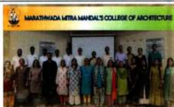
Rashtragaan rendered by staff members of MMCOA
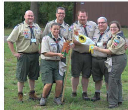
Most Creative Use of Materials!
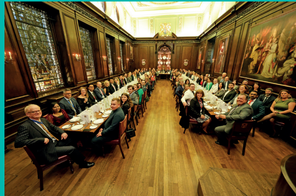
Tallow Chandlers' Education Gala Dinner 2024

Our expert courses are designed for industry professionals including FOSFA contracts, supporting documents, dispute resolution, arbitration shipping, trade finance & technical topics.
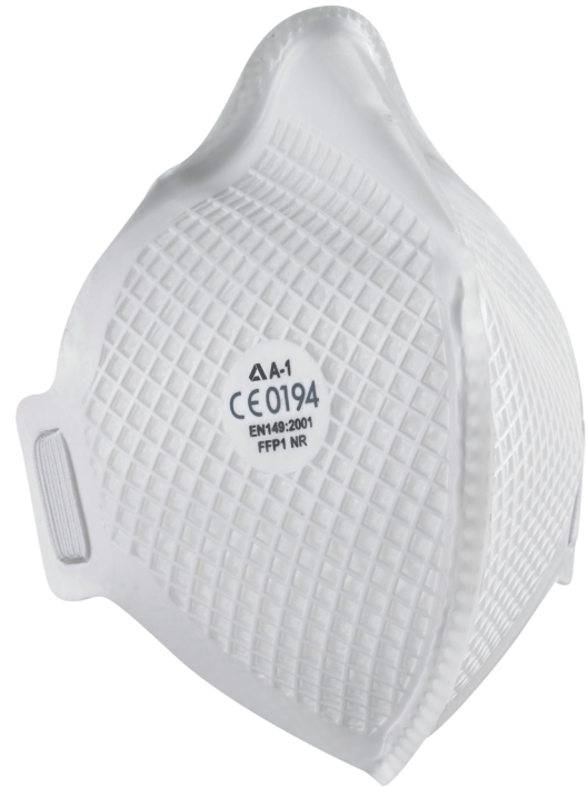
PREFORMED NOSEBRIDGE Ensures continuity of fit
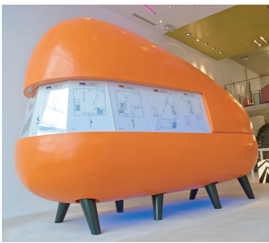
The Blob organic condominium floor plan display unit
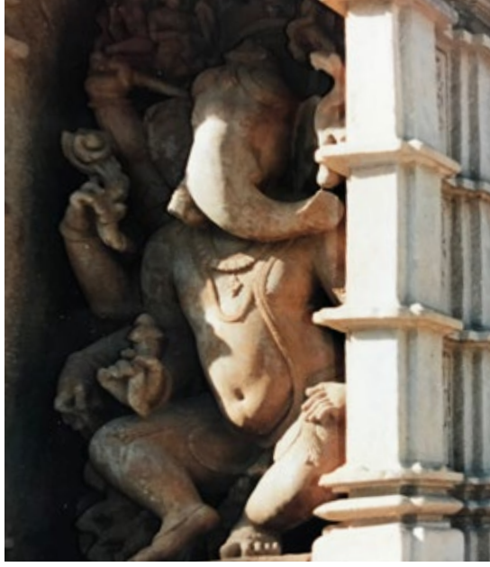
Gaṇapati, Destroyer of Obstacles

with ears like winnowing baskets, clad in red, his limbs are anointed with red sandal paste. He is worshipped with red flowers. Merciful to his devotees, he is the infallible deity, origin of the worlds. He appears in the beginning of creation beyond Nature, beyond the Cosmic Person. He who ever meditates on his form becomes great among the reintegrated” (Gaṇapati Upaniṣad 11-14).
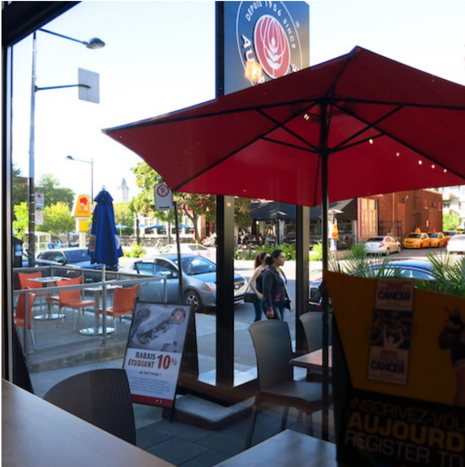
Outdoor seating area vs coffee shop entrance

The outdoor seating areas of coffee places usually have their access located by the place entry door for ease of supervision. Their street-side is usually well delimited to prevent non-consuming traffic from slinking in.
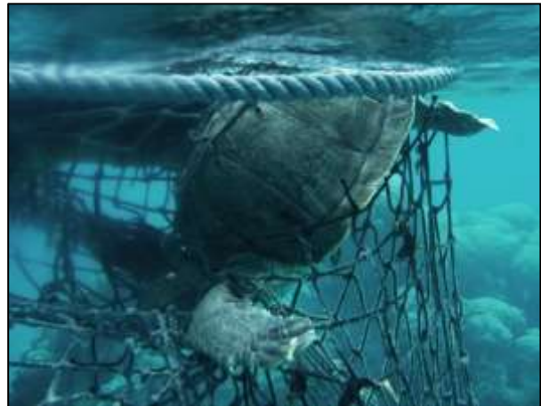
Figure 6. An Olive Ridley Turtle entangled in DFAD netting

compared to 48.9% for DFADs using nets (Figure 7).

= = =

## TASK INSTRUCTIONS
Scan the listing above and copy all lines containing the word "seating".

## ANSWER TO THE PROBLEM
Outdoor seating area vs coffee shop entrance
The outdoor seating areas of coffee places usually have their access located by the place entry door for ease of supervision. Their street-side is usually well delimited to prevent non-consuming traffic from slinking in.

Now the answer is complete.